Book History of the War in Afghanistan

Download or read book History of the War in Afghanistan written by Sir John William Kaye and published by . This book was released on 1851 with total page 708 pages. Available in PDF, EPUB and Kindle. Book excerpt: The First Anglo-Afghan War began in early 1839 when the British undertook an invasion of Afghanistan from India with the aim of overthrowing the Afghan ruler, Amir Dost Mohammad Khan, and replacing him with the supposedly pro-British former ruler, Shah Shujaʻ. The British were at first successful. They installed Shah Shujaʻ as ruler in Jalalabad and forced Dost Mohammad to flee the country. But in 1841 Dost Mohammad returned to Afghanistan to lead an uprising against the invaders and Shah Shujaʻ. In one of the most disastrous defeats in British military history, in January 1842 an Anglo-Indian force of 4,500 men and thousands of followers was routed by Afghan tribesmen. The British then sent a larger force from India to exact retribution and to recover hostages, before finally withdrawing in October 1842. History of the War in Afghanistan is a two-volume study of the war, based on unpublished letters and journals by British political and military officers who served in the conflict. The author, Sir John William Kaye (1814-76), was a onetime officer in the army of the East India Company who resigned in 1841 to devote himself full time to the writing of military history. The book begins with a detailed analysis of the events of 1800-1837 that led up to the war and of the "Great Game of Central Asia"--the rivalry between Russia and Britain for influence in the region that spurred British intervention in Afghanistan. This is followed by detailed accounts of the major battles and military campaigns. Kaye joins other authors in concluding that the war was a disaster for Britain: "No failure so total and overwhelming as this is recorded in the page of history. No lesson so grand and impressive is to be found in all the annals of the world." Kaye also wrote a novel based on the war, Long Engagements: a Tale of the Affghan Rebellion (1846), and several other major historical works, including The Life and Correspondence of Major-General Sir John Malcolm (1856) and the three-volume The History of the Sepoy War in India, 1857-8, published in 1864-76.
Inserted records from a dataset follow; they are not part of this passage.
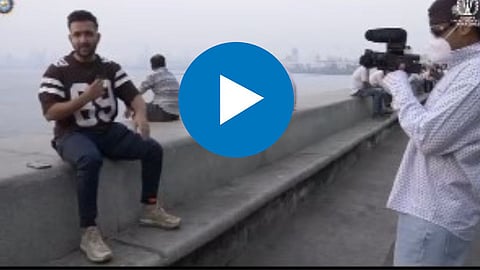 व्हायरल झालेल्या व्हिडिओत आपल्याला दिसत आहे की,भारताचा स्टार फलंदाज सूर्यकुमार यादव मुंबईच्या मरीन ड्राईव्हवर फेरफटका मारण्यासाठी उतरला होता. आपल्याला कोणी ओळखू नये म्हणून हातावरचे टॅटू लपवण्यासाठी त्याने फुल हाताचा शर्ट घातला आहे. त्यानंतर तो आपला चेहरा लपवण्यासाठी मास्क लावताना दिसून येत आहे. मग काय कॅमेरा आणि माईक घेऊन सूर्याने थेट मरीन ड्राईव्ह गाठलं.
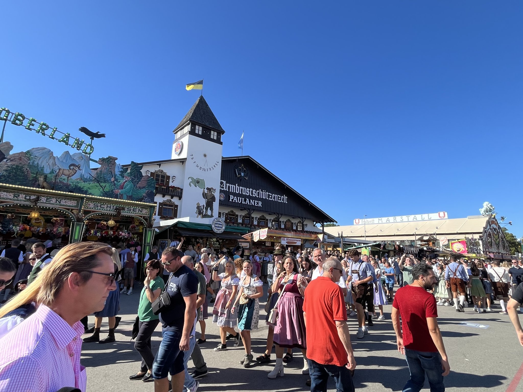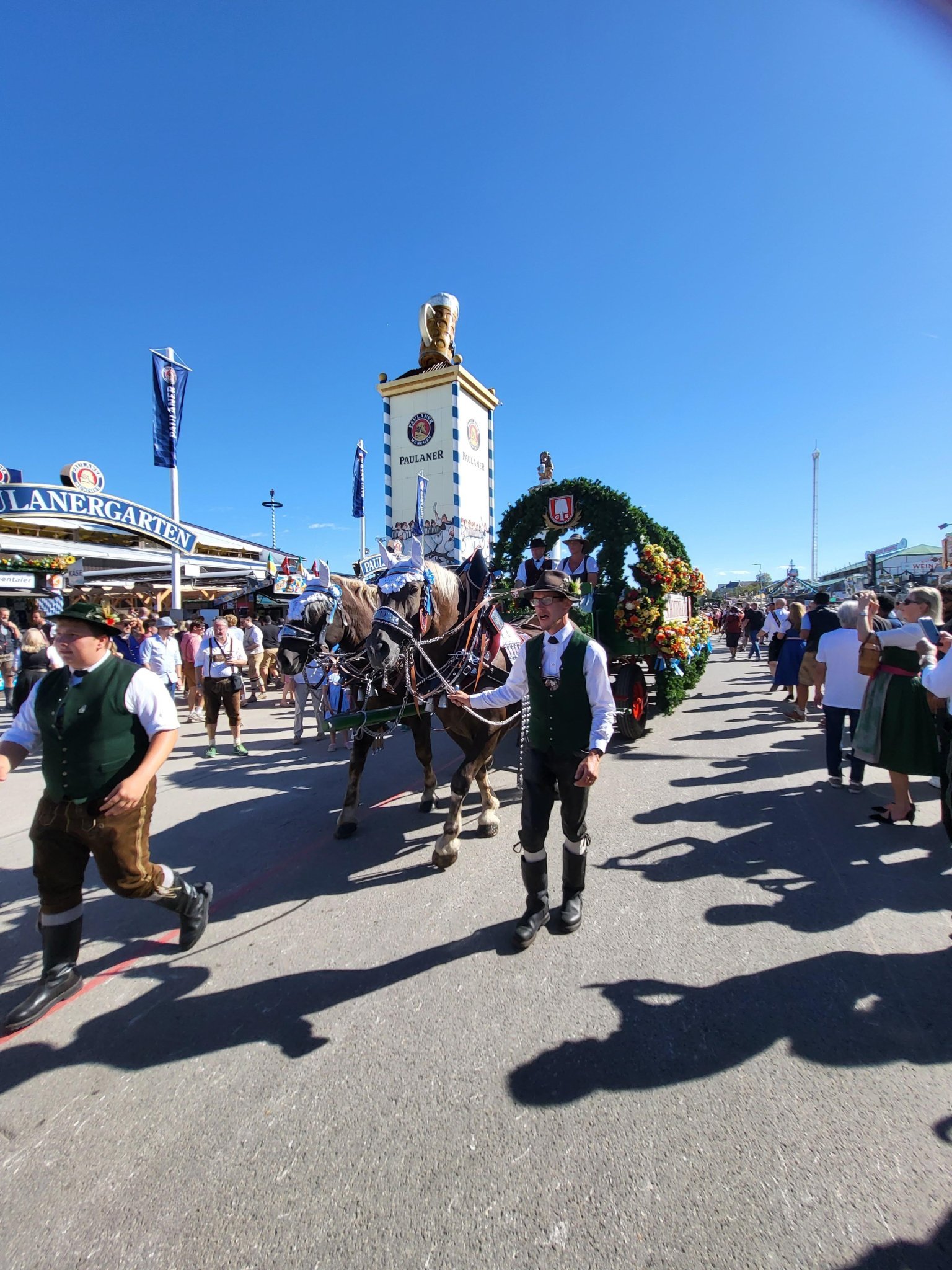 Иначе е супер тържествено и е много хубаво да гледаш всички традиционни баварски бирарии да дефилират в разкошно украсените си каляски, с буретата бира и прекрасни коне. Обаче тая цялата лудница вече ми е нетърпима.
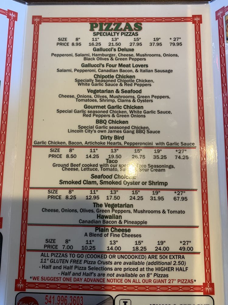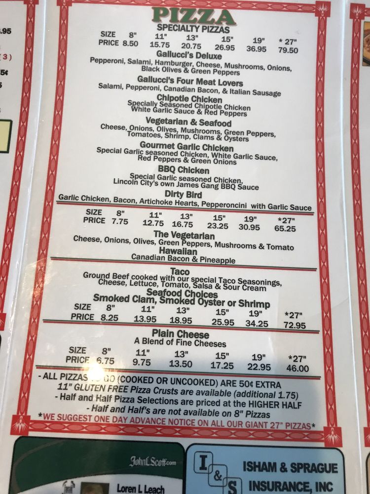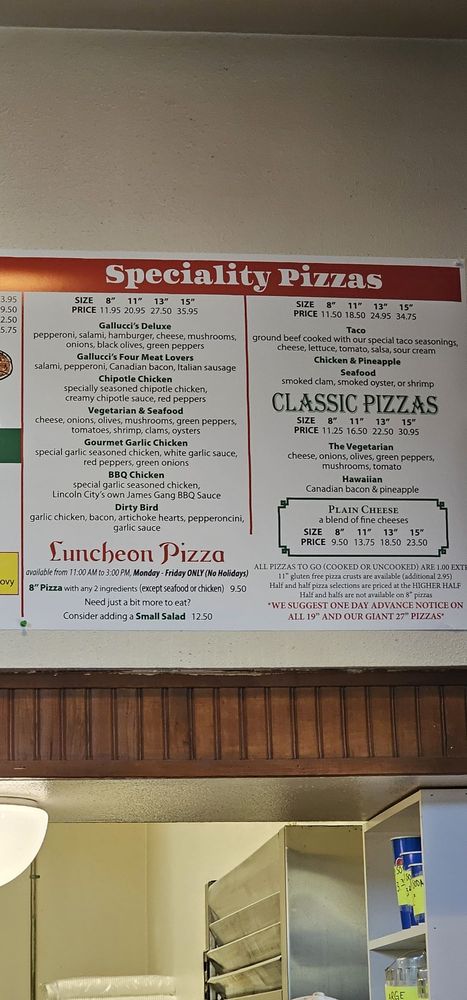 Gallucci's Pizzeria Menu
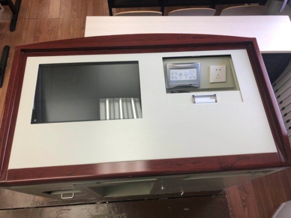 配备了多媒体讲台、计算机、投影机、音频功放、多媒体中控等设备,支持蓝牙无线扩声。
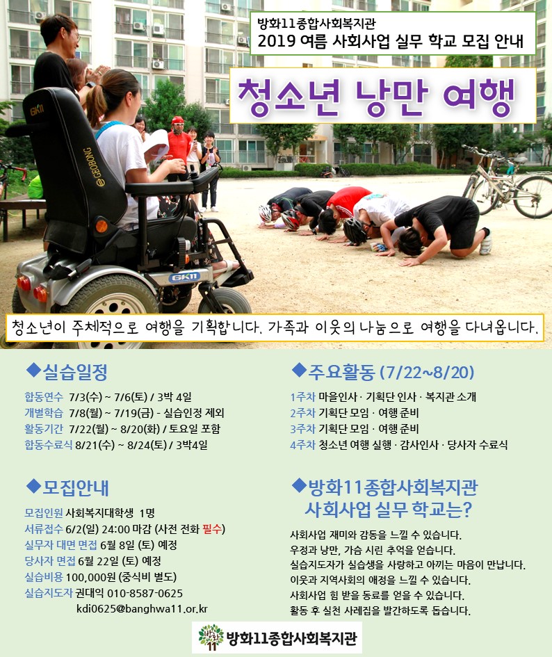 방화11종합사회복지관 2019 여름 사회사업 실무 학교 '떠나요! 청소년 낭만 여행' 실습생 모집
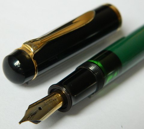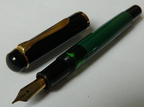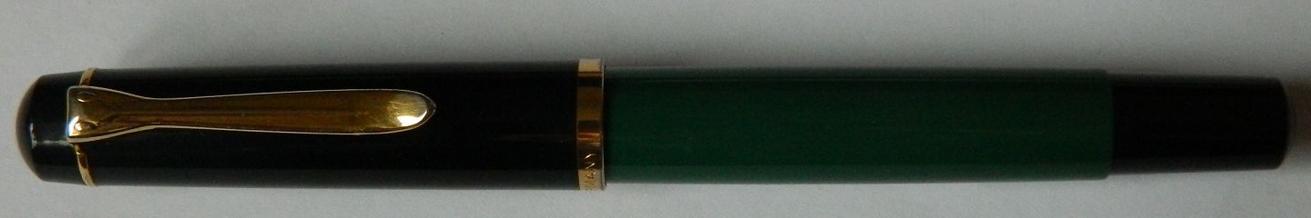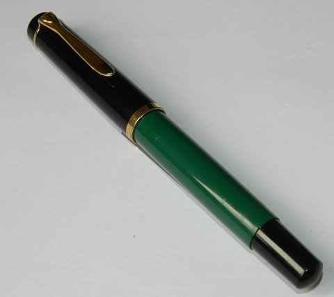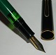 Grøn Pelikan fyldepen med grøn hætte. Fungerer fint med piston påfylder. Ingen skader eller reparationer. Klar til at blive brugt. 13 cm lang.
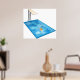 Ein Mädchen, das in einem Swimmingpool mit Taucherbrett schwimmt. Dieses Design sieht wirklich effektiv aus auf diesem Poster
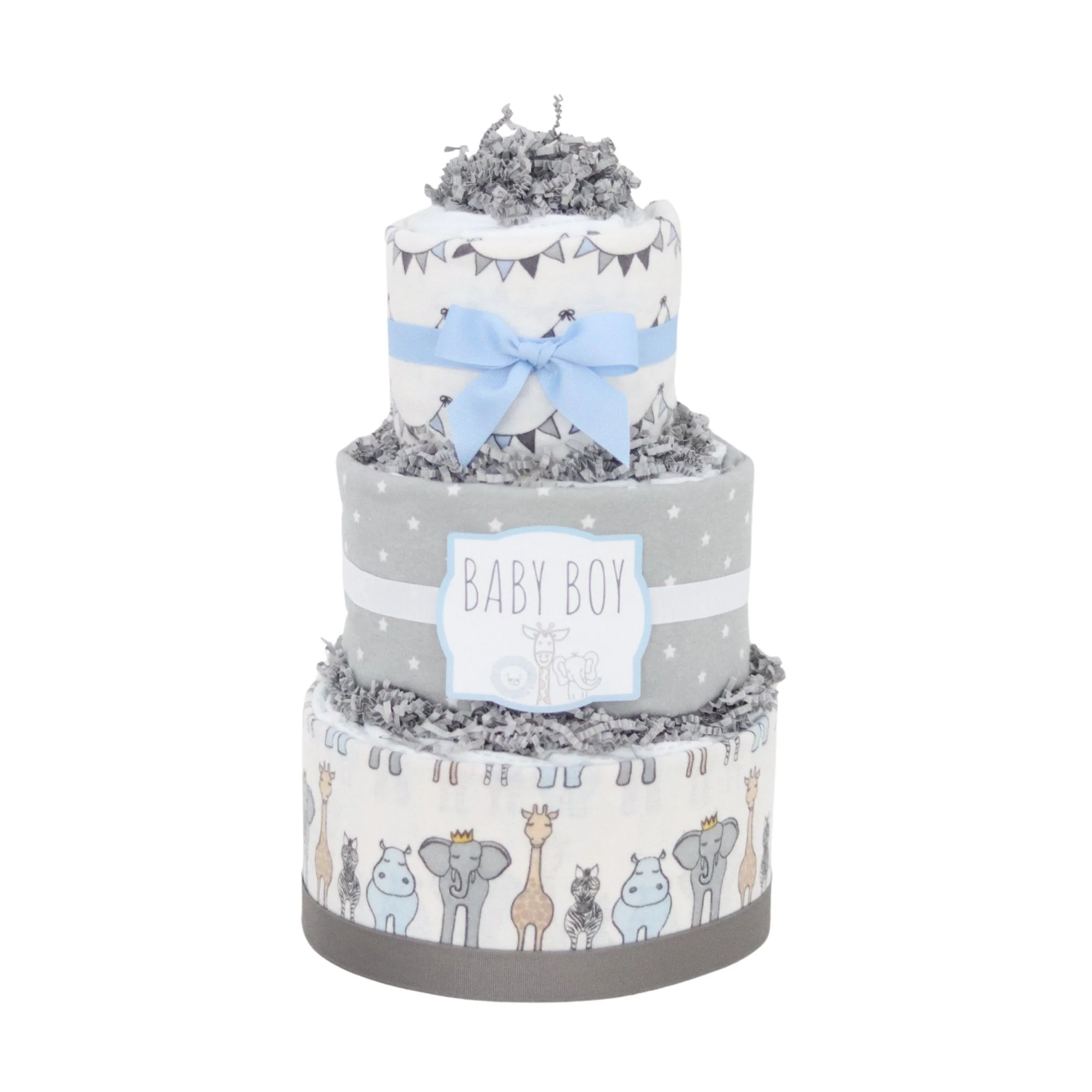 Celebrate the arrival of a little boy�with our�Royal Safari�Diaper Cake. Bursting with 35 ultra-soft Pampers Swaddlers size 2 diapers and three cozy cotton receiving blankets, this delightful creation isn't just a gift��it's a bundle of love and convenience for the new parents. Overflowing with charm and crafted with care, it's the perfect way to welcome the newest addition to the family.
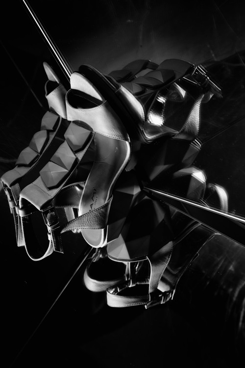 Классические, но в тоже время поражающие воображение формой каблука, они передают всю многогранность женских образов коллекции. Строгие геометрические линии и архитектурность, благодаря которым каблук кажется собранным из осколков минералов, отполированных почти до зеркального блеска, навеяны работами художника Ксавье Велана (Xavier Veilhan). Все модели туфель и ботильонов выполнены в матовых, природных оттенках черного, серого цветов.
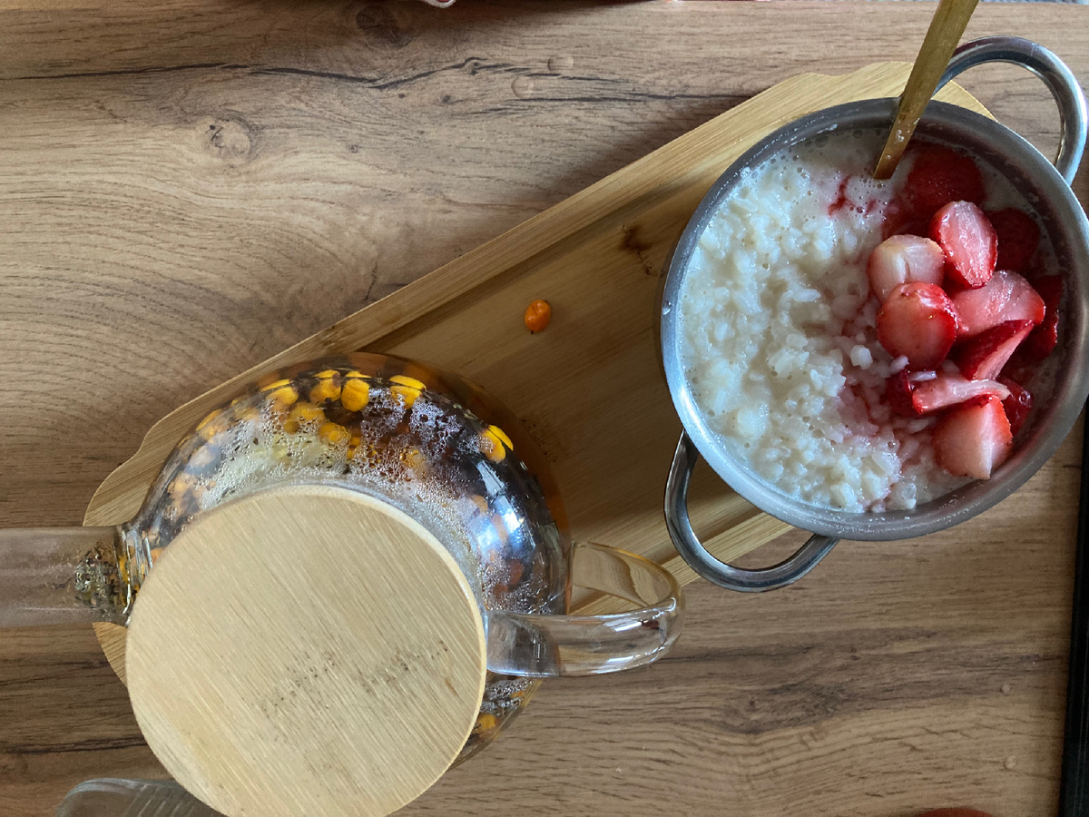 У мужа сегодня рисовая каша на кокосовом молоке клубника чай с облепихой лимон
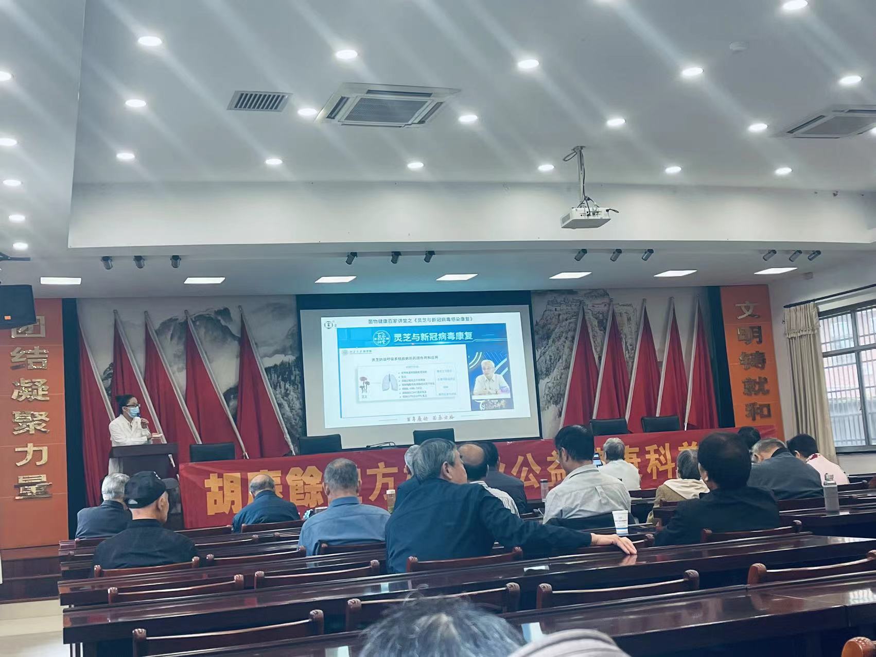 卓越還講述“免疫系統如何保護機體”以及“免疫系統過高和過低”所產生的危害。從中引出《本草綱目》靈芝性平、味甘,有“益心氣、補肝氣、益腎氣、益肺氣、益脾氣、安精魂、堅筋骨、好顏色、增智慧”等諸多功效,著重介紹靈芝抗病毒作用。最后,為在場的老年人送上美好祝福。課后,卓越接受現場咨詢,對大家提出的疑問一一作答。
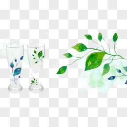 韩式水墨叶子插画
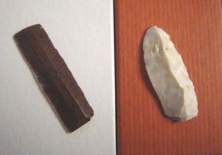 オブシディアン(左)とチャート(右)どちらも左側が刃

Book Our Latest Longest War

    Book Details:
  • Author : Aaron B. O'Connell
  • Publisher : University of Chicago Press
  • Release : 2017-04-03
  • ISBN : 022626579X
  • Pages : 387 pages

Download or read book Our Latest Longest War written by Aaron B. O'Connell and published by University of Chicago Press. This book was released on 2017-04-03 with total page 387 pages. Available in PDF, EPUB and Kindle. Book excerpt: American and Afghan veterans contribute to this anthology of critical perspectives—“a vital contribution toward understanding the Afghanistan War” (Library Journal). When America went to war with Afghanistan in the wake of 9/11, it did so with the lofty goals of dismantling al Qaeda, removing the Taliban from power, remaking the country into a democracy. But as the mission came unmoored from reality, the United States wasted billions of dollars, and thousands of lives were lost. Our Latest Longest War is a chronicle of how, why, and in what ways the war in Afghanistan failed. Edited by prize-winning historian and Marine lieutenant colonel Aaron B. O’Connell, the essays collected here represent nine different perspectives on the war—all from veterans of the conflict, both American and Afghan. Together, they paint a picture of a war in which problems of culture, including an unbridgeable rural-urban divide, derailed nearly every field of endeavor. The authors also draw troubling parallels to the Vietnam War, arguing that ideological currents in American life explain why the US government has repeatedly used military force in pursuit of democratic nation-building. In Afghanistan, as in Vietnam, this created a dramatic mismatch of means and ends that neither money, technology, nor weapons could overcome.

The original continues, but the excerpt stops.